Guidance on neophyte's native plant restoration garden
I have about a 2500 square foot patch of ground that I killed off with roundup in the spring of 2005. It had been partially dug up in the summer of 2004 for the installation of a new septic system and was mostly covered by weeds. About two weeks after the roundup, I planted a native widlflower and grass mix from a local source in Michigan. I wasn't real optimistic and was mostly ignorant and needless to say over the summer of 2005 I ended up with mostly two weeds that seemed to be non flowering. I trimmed down the patch in the fall.
This summer has yielded a much greater variety, with (1) many non-native wildflowers, (2) two natives in the mixture that I planted: black-eyed susans and yellow coneflower, (3) 1 native that I didn't plant: fleabane, (4) and then predominantly a variety of noxious weeds that I either can't identify as natives, or are clearly non-native (most don't seem to be flowering or obviously flowering).
So my question is, at this point, what would be the best method of getting a diverse selection of native flowers and grasses to become the primary constituent with the reduction in the non-natives? I'm open to any suggestions and am not really in a hurry. I just want the best approach that will yield the best results without huge costs and with the most efficient use of my labor. I suppose I'm fine with the work, I'd just like it not to be ignorantly counterproductive.
I've considered cutting it down later this summer and covering it with carpet and tarp (which I have plenty of) until fall, then pulling up the covering, slightly breaking up the soil with a spring rake and planting another mix.

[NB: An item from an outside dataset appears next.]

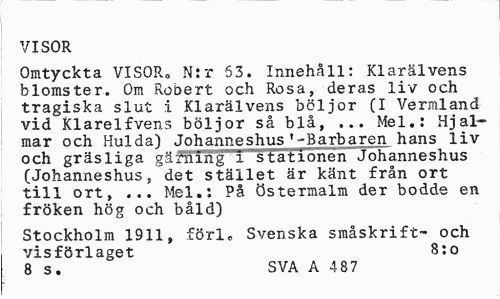 //// VISOR //// Omtyckta VISOR0 N:r 53. Innehåll: Klarälvens blomster. Om Robert och Rosa, deras liv och tragiska slut i Klarälvens böljor (I Vermland vid Klarelfvens böljor så blå, ... Mel.: Hjalmar och Hulda) Johanneshus'^Barbaren hans liv och gräsliga gäaiing i stationen Johanneshus (Johanneshus, det stället är känt från ort till ort, ... Mel.: På Östermalm der bodde en fröken hög och båld) //// Stockholm 1911, förlo Svenska småskrift- och visförlaget 8:0 //// 8 s. SVA A 487 ////

The mixture I planted in 2005 is as follows:
Bergamot, Black-eyed Susan, Golden Alexander, Lanceleaf coreopsis, Large-flowered beardtongue, Partridge pea, Purple coneflower, Purple prairie clover, Rattlesnake master, Rough blazing star, Stiff goldenrod, Smooth penstemon, Spiderwort, Western sunflower, Yellow coneflower, Little bluestem, Side-oats grama and Prairie dropseed.